Co-occurring microbes may interact with each other and compete for survival, nutrients or even immune escape mechanisms. These may either be beneficial to the host or influence the development of disease. Hence characterizing these co-occurrence patterns is an important initial step to elucidate their role in health and disease by achieving a new balanced steady state ecosystem37. Furthermore, with the advent of probiotic and prebiotic skin care products, association of these microbes with skin biophysical parameters, micro-environment and skin barrier function may help in designing skin care products, supporting the importance of evaluation of microbial co-occurrence at different skin sites. In the current study, overall, co-occurrence of most of the microorganism pairs was lower in the oily and dry sites as compared with the normal site. However, exceptions to this were co-occurrence of P. acnes with S. epidermidis in the oily region, P. acnes with Lactobacillus in the dry region, and Pseudomonadaceae with S. epidermidis in both dry and oily regions, which was higher compared with the normal sites. Additionally, with the exposure of the skin, co-occurrence of most of the microorganisms was found to be lower. Taken together, these findings suggest that co-occurrence of micro-organisms may be affected by different skin micro-environment properties, which may be due to differences in skin adaptability and barrier function. The microbial co-occurrence could also be associated with varying nutrients and metabolites provided by the different skin micro-environments of the host53. Other microbes residing in the skin maybe associated with skin exposure, biophysical or barrier profile and biomarkers. However, the present study only evaluates selected skin microflora as these are the most common microbial species observed at different skin sites in Chinese women13,15,26,27.
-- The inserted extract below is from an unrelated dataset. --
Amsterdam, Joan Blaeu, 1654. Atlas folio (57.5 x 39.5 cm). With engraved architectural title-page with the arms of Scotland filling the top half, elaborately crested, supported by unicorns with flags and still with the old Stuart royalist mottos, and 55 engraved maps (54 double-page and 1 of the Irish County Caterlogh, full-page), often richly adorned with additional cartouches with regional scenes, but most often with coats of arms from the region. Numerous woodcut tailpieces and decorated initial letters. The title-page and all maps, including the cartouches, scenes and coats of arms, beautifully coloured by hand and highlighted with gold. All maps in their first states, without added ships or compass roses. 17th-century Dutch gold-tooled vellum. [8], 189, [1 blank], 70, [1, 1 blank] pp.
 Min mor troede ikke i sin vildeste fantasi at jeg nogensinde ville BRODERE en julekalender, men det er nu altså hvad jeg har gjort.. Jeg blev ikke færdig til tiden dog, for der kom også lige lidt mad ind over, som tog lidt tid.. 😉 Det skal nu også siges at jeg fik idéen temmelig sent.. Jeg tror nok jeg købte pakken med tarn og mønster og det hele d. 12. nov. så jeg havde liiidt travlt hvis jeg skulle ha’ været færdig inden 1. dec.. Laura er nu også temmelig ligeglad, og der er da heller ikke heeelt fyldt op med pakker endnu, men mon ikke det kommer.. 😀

The present study has several limitations, including evaluation of only a subpopulation of the Chinese population (women) and their skin microflora during the winter season. Also, this study did not report the relationship between habits of life (e.g., companion animals) and skin microflora at different skin sites. Hence, the generalisation of results may have limitations owing to differences in lifestyle, diet, environmental exposure and seasonal variations. The current study is associative and an exact causative mechanism of microbial association needs further exploration. Future large studies are required to confirm current findings as well as to determine potential relationships between habits of life and skin microflora. In addition, age may have an important bearing on overall skin health, texture and barrier function, and future studies will address the influence of age on association between microorganisms, AMP biomarkers and biophysical parameters.


The present findings suggest that skin exposure and skin type (as defined by sebum, hydration and physical barrier function) are important microenvironment factors that influence the targeted common microflora distribution, diversity, and co-occurrence. This underlines the importance of a comprehensive understanding of the association of microorganisms, skin biophysical parameters, microenvironment and skin barrier function including physical, chemical and microbial barriers, which is essential for designing skin care products and anti-microbial drugs. Maintaining healthy skin requires selective microbial shifts or permeability barrier changes, inhibiting the growth of pathogenic bacteria and promoting the growth of symbiotic bacteria. Hence, an alteration in the skin microflora in certain disorders by selective modulation of microflora (pre- and/or probiotics) could be a promising treatment strategy in clinical and sub-clinical skin conditions.